Australian rugby league footballer

Vince Sheehan (1916–1973) was an Australian rugby league footballer who played in the 1930s. He played for Western Suburbs in the New South Wales Rugby League (NSWRL) competition.

==Playing career==
Sheehan attended St Joseph's College Hunters Hill where he played rugby union. He played in the College's premiership winning first XVs in both of his senior final years of 1932 and 1933 alongside Jack Beaton and Clyde Elias.

Sheehan made his first grade debut for Western Suburbs in 1934 aged just eighteen. That season the club went from wooden spooners in 1933 to winning the minor premiership and premiership in 1934.

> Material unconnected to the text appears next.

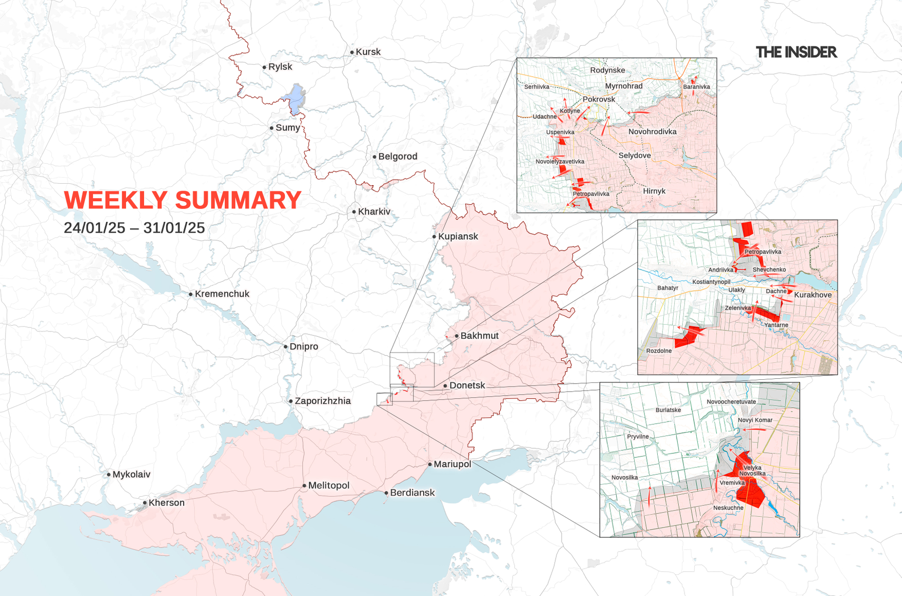 Russia's Kursk Region enjoyed a period of relative calm this past week. Ukraine's 82nd Separate Air Assault Brigade reported repulsing an assault by Russia's 155th Separate Marine Brigade, which is infamous for shooting Ukrainian prisoners of war. The Russian forces carried out strikes on populated areas occupied by the enemy. Russian television proudly presented a story from the “liberated” Nikolayevo-Daryino, which turned out to have been filmed in the village of Olgovka 20 kilometers to the north, from where AFU units withdrew back in October 2024.

Sheehan played on the wing in the 1934 grand final victory over Eastern Suburbs at the Sydney Sports Ground with Sheehan scoring a try. As of the 2019 season, no other team since Western Suburbs has come from last place to winning the premiership the following year.

Sheehan played two further seasons for Western Suburbs before retiring at the end of 1936 aged only twenty.

Sheehan played representative football for NSW City in 1936 scoring five tries from two appearances.